Oof, where do I even start? Perhaps the most important conceptual leap I made throughout our readings is the demystified understanding of computers. I used to look at the ubiquity of computers and software as an abstraction of culture, a creation of new cultural space, and that the singularity was imminent (I know, I’m the coolest guy there is). But now I realize that computers are utilizing our abstractions to maximize the efficiency of the different layers of abstraction. That these layers of abstractions are interfaces in themselves for how we design computers to mediate them.
I’m now looking at computers as an augmenting human technology. If the singularity ever occurs, it will not be because of advances in our computation technology exclusively, because computation is not the only thing that defines our humanness or makes consciousness possible. Rather, it encodes our inputs into a form that is computable by hardware in which we can do all sorts of fancy stuff.
It’s not surprising how pervasive dystopian narratives of computers are. When we offload so many important processes to machines (banking is a big one), skepticism is bound to arise. This idea highlights one of the biggest problems we face now with the role that computers play in culture – illiteracy with the technology (funny, because I could’ve learned this stuff at any point using a darn computer). The literacy to understand and operate the machines is the missing element in the vision of designers who conceptualized and engineered interactive computing. And furthermore, without the literacy, computers as abstract human-interaction-destroying monsters is a self-fulfilling prophecy. When our software is computing open-ended processes, it kind of seems like it’s alive or thinking. In actuality, it’s just waiting for our inputs (metaphorically speaking… right?).
Perhaps my favorite idea I’ve had is the idea that computing is a process that allows us to translate signs into meta-artifacts. The units of these artifacts are bits, which are themselves symbolic representations of our inputs, which are symbolic in a semiotic sense. So when we have open-source communities or teams collaborating on cloud software, we have the distributed mind manifest. It’s translated into bits and then represented in a human-perceptible way by our software. I think this idea reflects Alan Kay’s idea of symmetric authoring and consuming.

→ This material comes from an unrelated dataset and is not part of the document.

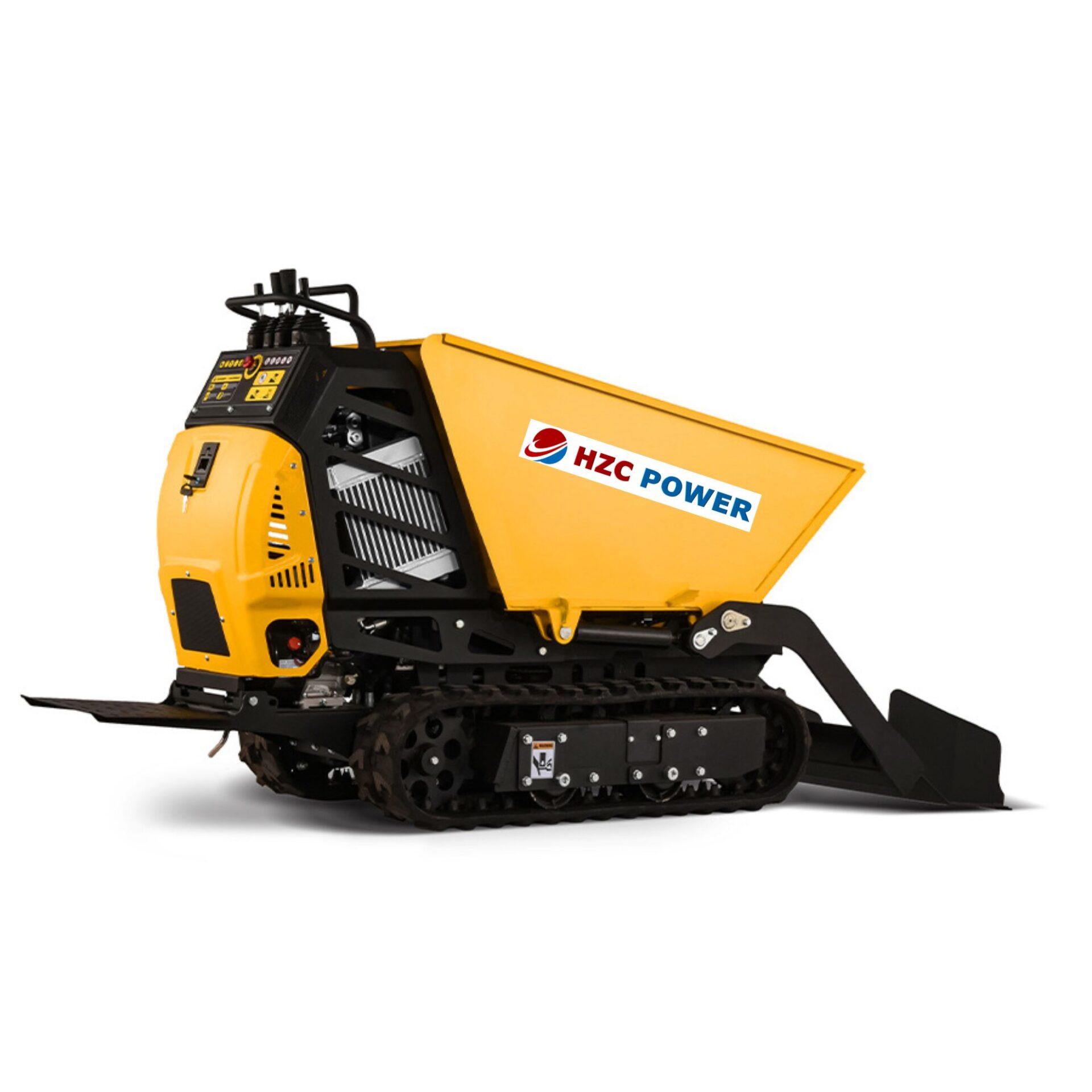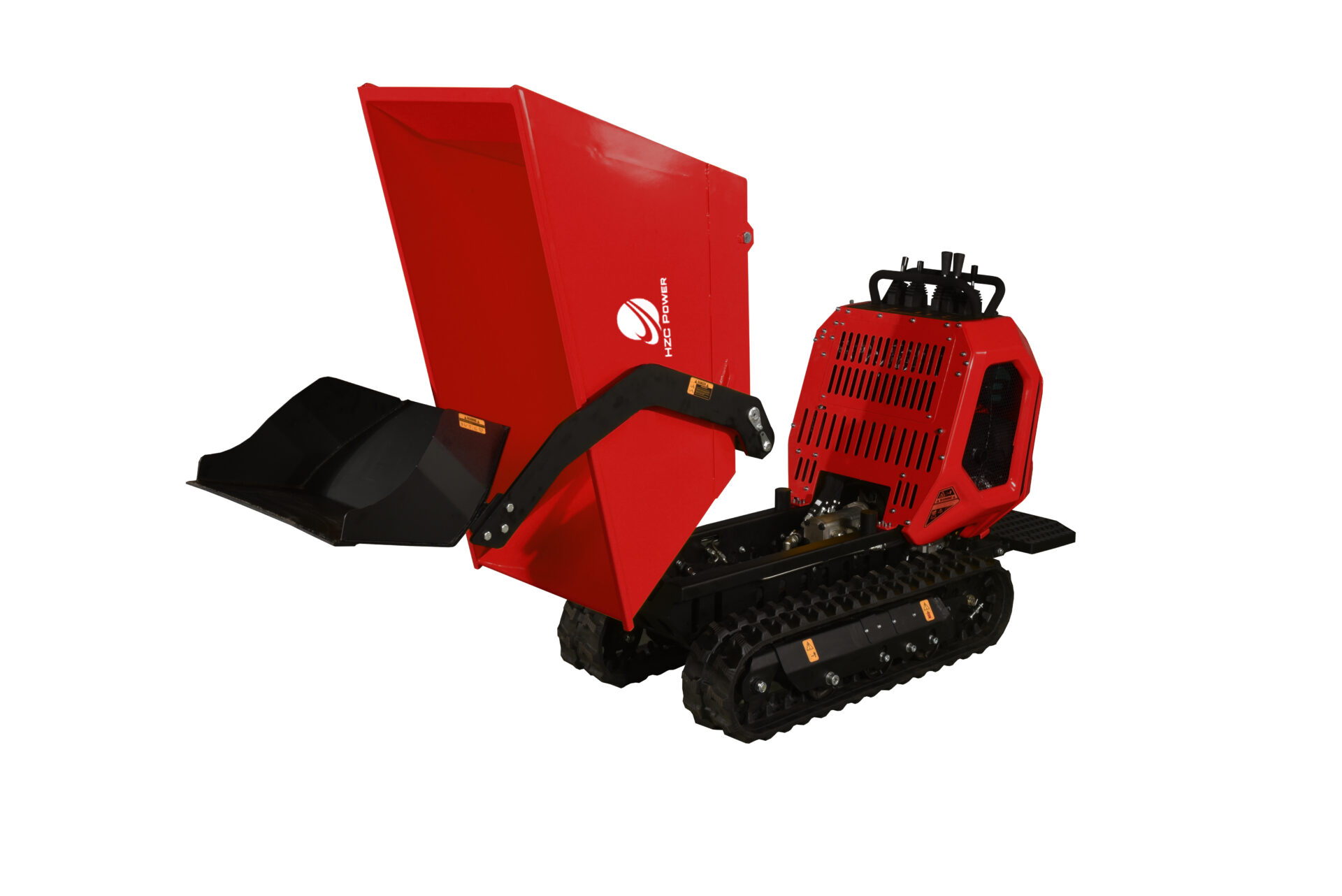 Med MDK800SH med hydraulisk självlastande skopa från HZC Power får du en högkvalitativ minidumper med bandchassi. Det som gör denna minidumper unik är att den har hydrostatisk drift, vilket innebär att den är helt hydraulisk. Den hydrostatiska drivningen ger flera fördelar: steglös hastighetsreglering, högt vridmoment, linjär rörelse med hög effektivitet, säkrare och snabbare överlastningsskydd, längre livslängd, mindre underhåll och mindre slitage (mindre friktion jämfört med vanliga växlar), även under full belastning. Dessutom har den en annan unik funktion – den hydrauliska självlastande skopan, som gör arbetet mycket enklare eftersom dumpern kan lasta och lossa samtidigt med sin hydrauliska kraft. Detta gör det möjligt att ladda dumpern utan ansträngning.
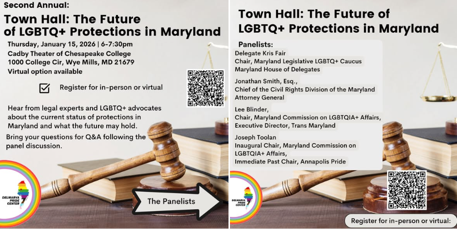 The Delmarva Pride Center will host the Second Annual Town Hall: The Future of LGBTQ+ Protections in Maryland on Thursday, January 15, from 6:00 to 7:30 p.m. at the Cady Theatre at Chesapeake College.

I’m also interested in exploring with the idea of phenomenological illusion in GUI and computer interface. It’s an important question to explore because we have to balance designing intuitive interfaces (as complex a problem that is in itself) with engineering a technologically literate user base. If we offload all computing processes onto our software, computers functionally are monoliths of sci-fi abstraction. Is there any way we can design computers so that interacting with them puts us in a place to reason with the computations themselves?